И сейчас это ёлище – символ административного вмешательства в заботу о населении, «детищё» отцов города – испускало дух света на головы со благодарных граждан. Над верхушкой в звезде поднимался дымок сияния.
Сильная мокрость сверху постепенно превращалась в слабую снежность везде. Вышедшие за рамки своих трущовок на праздник огней люди были настолько рады выдумке про зиму, что, вопреки грязи, пытались играть в «снежки» всем попавшимся под руку, и бросались супом из снега, кашей из града и компотом из лёда. Подходы к центральной смотровой площадке города громко не скучали звуками человеческого праздниколикования. Даже заблудшему незрячему глухому было «с легка лёгкого» сориентироваться сейчас в основном направлении неуверенного продвижения. Со всех сторон подталкивали только в одну сторону. Все шли на небесный свет. Шли, шли и шли к тому месту, где издалека, боковым зрением небо казалось дневнее ночи. Шли к ёлке.

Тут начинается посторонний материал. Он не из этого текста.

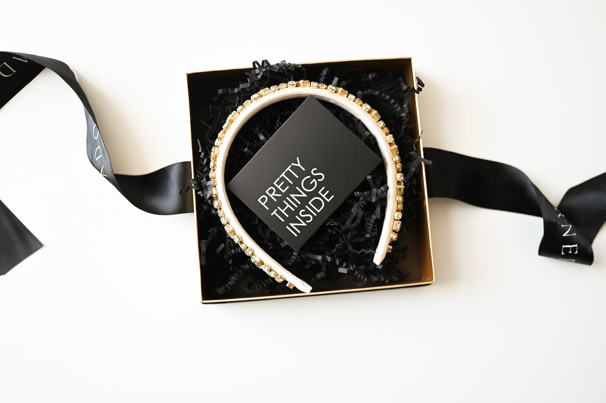 Crowns, Slim Crowns, Tiaras, Headpieces, Satin Bow Clips, Rhinestone Hats, & Crystal Scrunchies: Store your pieces in their boxes or pouches in a cool, dry place away from any direct heat sources. For longevity and color retention, we recommend limiting exposure to humidity, dust, and sunlight. Marks or stains can be spot-treated with cool water or a gentle detergent if necessary. Air-dry only.
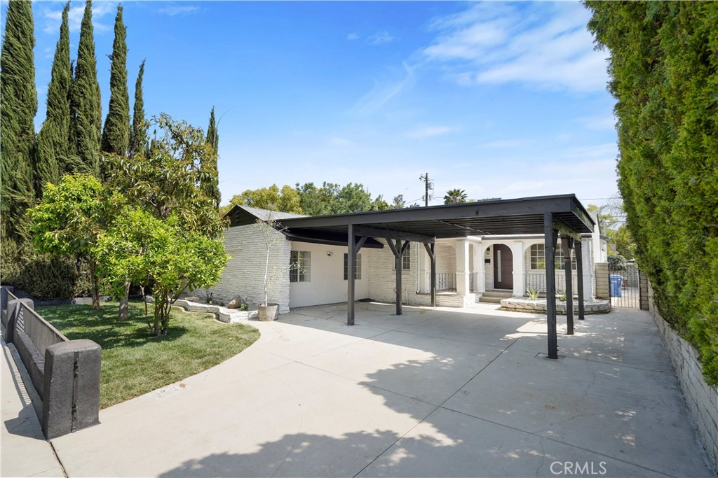 Turnkey, Extensively Remodeled Gem in Prime Tarzana! Step into this beautifully remodeled home where no detail has been overlooked. Featuring an open-concept floorplan, this residence boasts a stunning chef’s kitchen complete with quartz countertops, two-tone cabinetry, an expansive center island, stainless steel refrigerator, dishwasher, and sink, plus a brand-new gas oven and stove. Brand-new laminate flooring flows throughout, complemented by extensive recessed lighting and dual-pane windows that bathe the home in natural light. The spacious step-down family room offers a cozy retreat with a dramatic floor-to-ceiling rock fireplace—perfect for relaxing or entertaining. The primary suite is a private oasis, featuring a large walk-in closet and a luxurious en-suite bathroom with dual sinks and designer finishes. The hall bathroom is equally impressive, featuring a lighted mirror, stylish tub/shower combo, and two separate alcoves. Enjoy upgraded electrical, copper plumbing, a separate utility room, and beautiful touches like shiplap accents in the formal dining area and primary bedroom. Outside, the newly landscaped backyard includes lush green grass with room for kids to play, a storage shed, and mature fruit trees in the front. An oversized driveway provides ample parking, and the stylish front door adds a warm welcome to this private, move-in-ready home. With plenty of cabinet and counter space, updated systems, and thoughtful design throughout—this is Tarzana living at its finest!
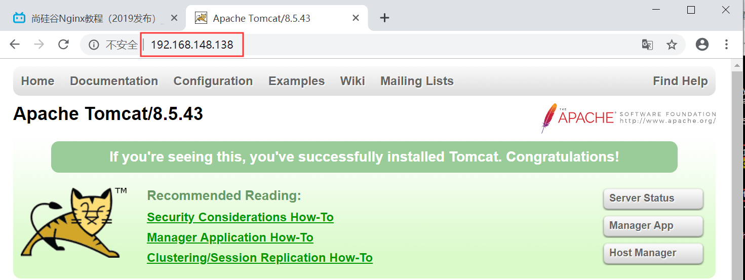 1.4、在浏览器中输入ip地址测试,发现此时页面已经被转发到172.18.51.193(安装tomcat的windows主机)的8080端口
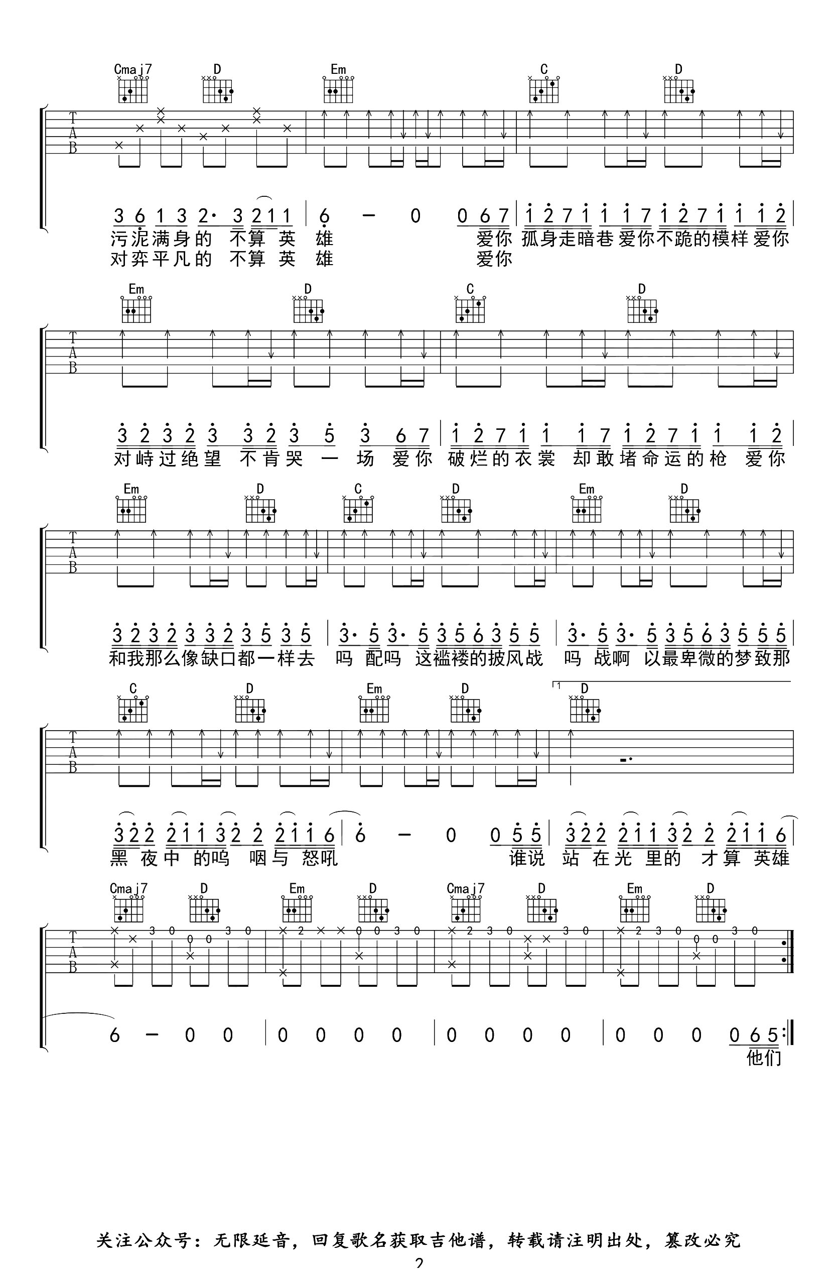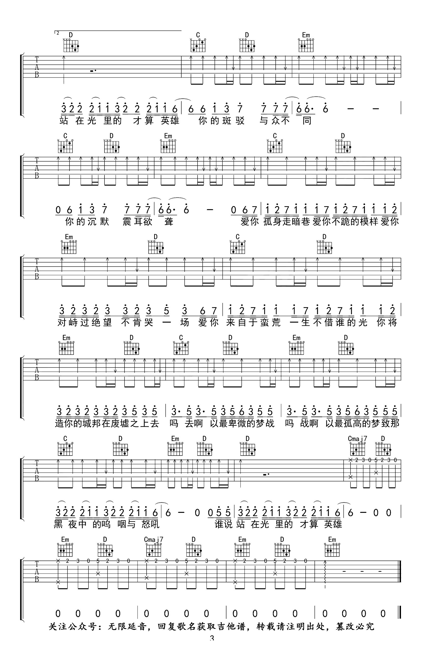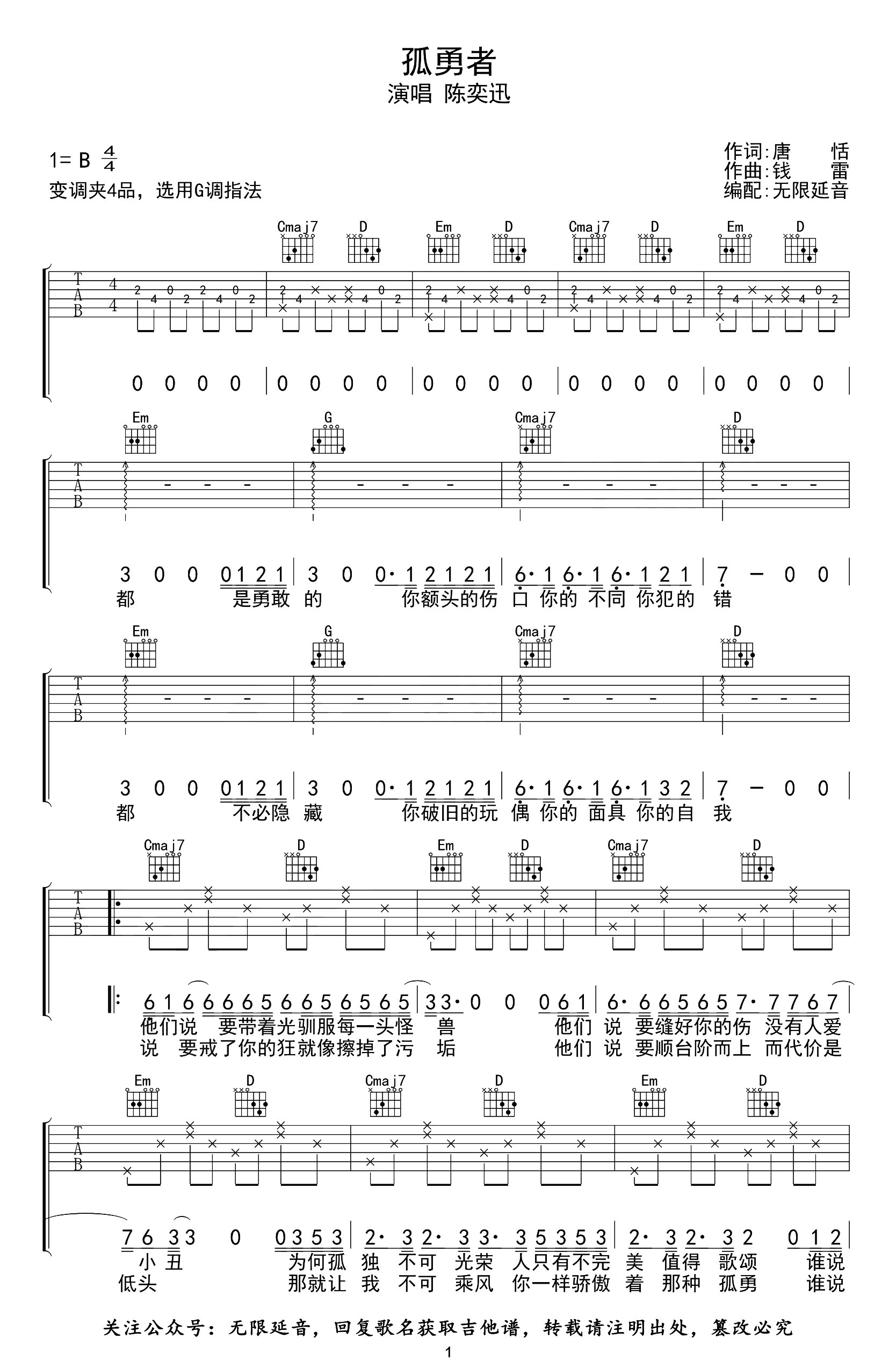 曲谱介绍: 孤勇者吉他谱,陈奕迅版,由无限延音制谱分享,共3张图片谱,原调是B调,选用G调指法,推荐变调夹夹4品弹唱原调,本谱按原版编配含前奏+间奏+尾奏,难度较简单。
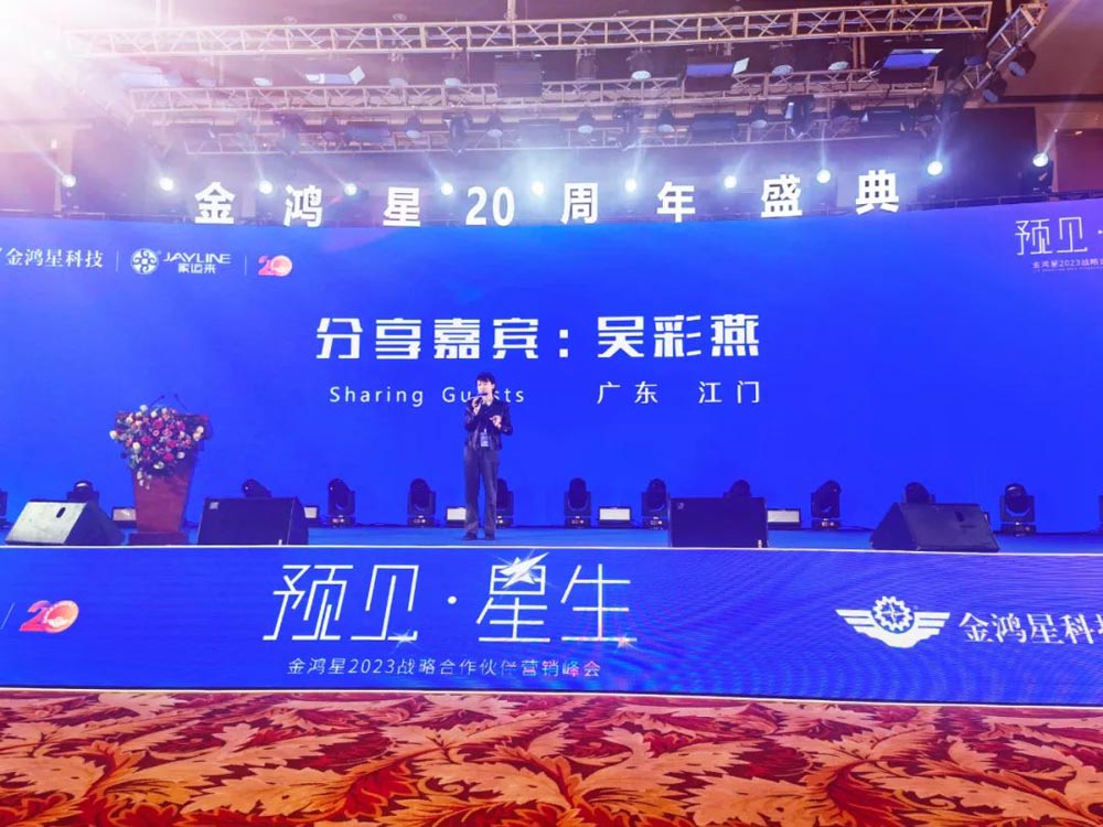 會議伊始,金鴻星聯(lián)合創(chuàng)始人黃笑群女士為此次會議發(fā)表致辭,金鴻星已經(jīng)走過了二十載,取得了一定的成績與榮譽(yù),凝聚了越來越多的經(jīng)銷商伙伴,從陌生到熟悉,一路同行,攻克了無數(shù)的難關(guān),也共證了彼此的成長。2023年是金鴻星探尋新的增長之路,以初心育匠心、以匠心守初心.
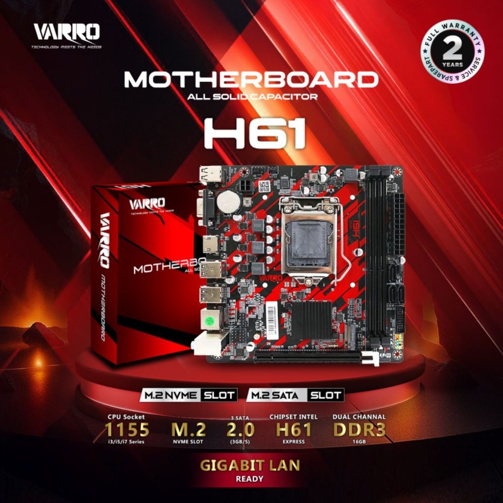 Motherboard H61 LGA 1155 - Paket Mainboard RX 7 / Varro H61 DDR 3 Support Nvme Gratis Fan / Varro H61 Plus Processor Intel Core i3/i5/i7 Gen 2 - 3
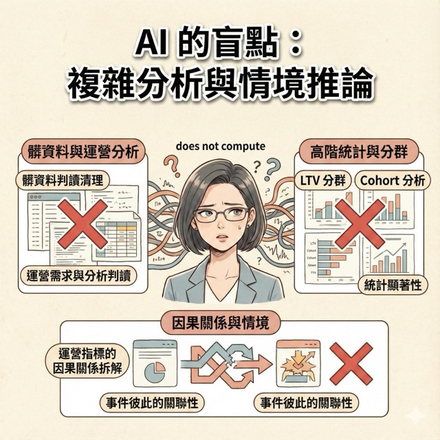 它還做不到:髒資料判讀清理/運營需求與分析判讀/ KPI drill-down/cohort/retention curve/LTV 分群/funnel 收斂率/兩組對照時的統計顯著性/segment 差異判讀/ RFM分群/ 運營指標的「因果關係拆解」。
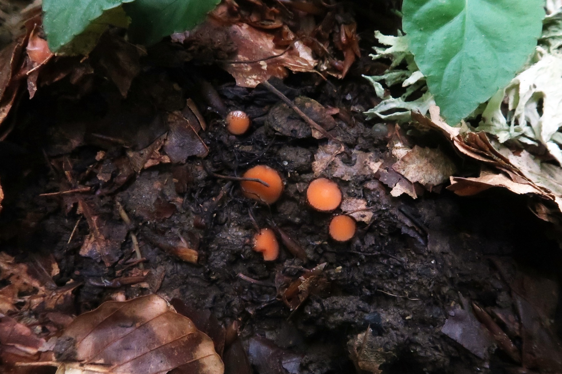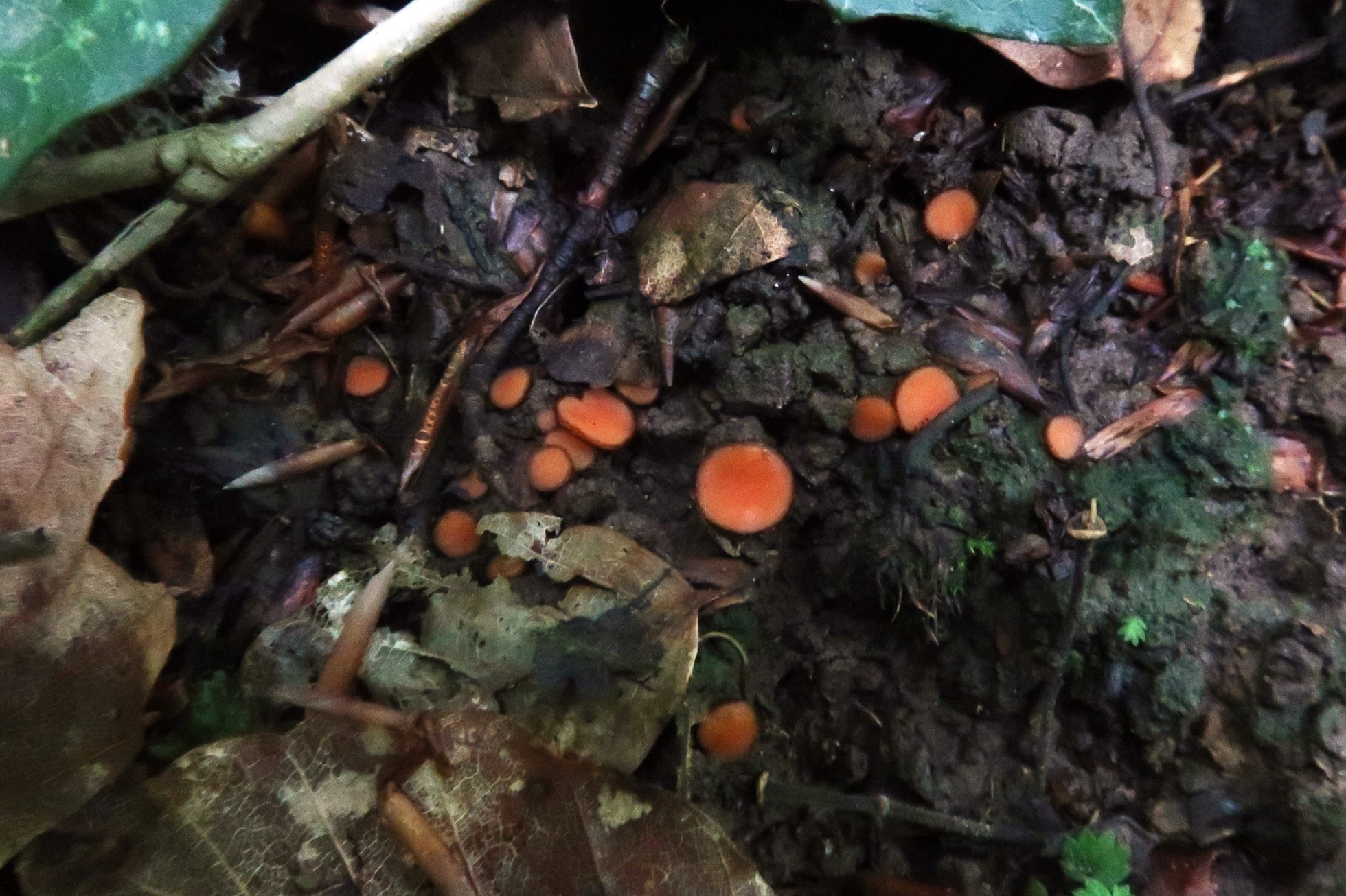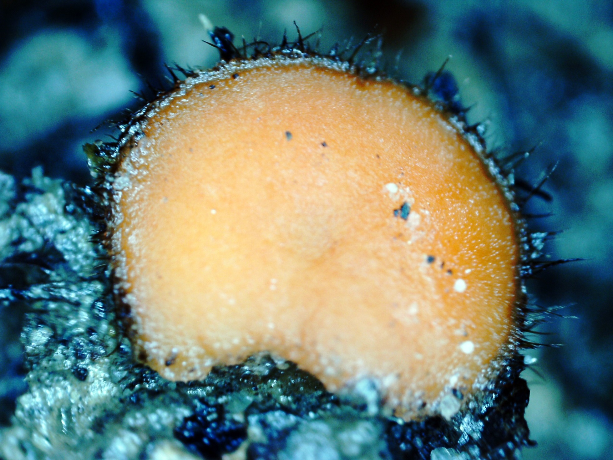 Pequeños apotecios de color anaranjado y borde piloso fotografiados el domingo día 20 en tierras Burgalesas, brotando directamente sobre restos orgánicos del suelo.

Ёлку ту по краям украшали, охраняли и усугубляли два помпезных гомерических казуса: Дед Морозко и Снегурка Отморозка. Трёхметровые фигурки из залитого дождливой водой серого позапозавчерашнего снега. «Наши нэцки» – любовно, «по-японски» называли их горожане из-за уродливости одутловатых пузатых безглазых форм и оттопыренности припугнутых оскалов. Этих щелкунчиков из армии Урфина Джюса вот уже семнадцать лет подряд подрядом мэрии отлеплял местный искусствовед и экскурсовод музея шотландской, канадской и новозеландской диаспор, свободный веятель – ваятель Нэвэртий. Под творческим псевдонимом Васылэга-Дэрибас. Нет! Трудился человек не похоти ради! Нет! А только из-за своей короткой ежегодной трёхобзацной заметки в районной «Правде октября»[6] о себе и о том, что находятся ещё люди, которые, несмотря на тяжёлые невзгоды, приукрашают и без того ужасную жизнь остальных!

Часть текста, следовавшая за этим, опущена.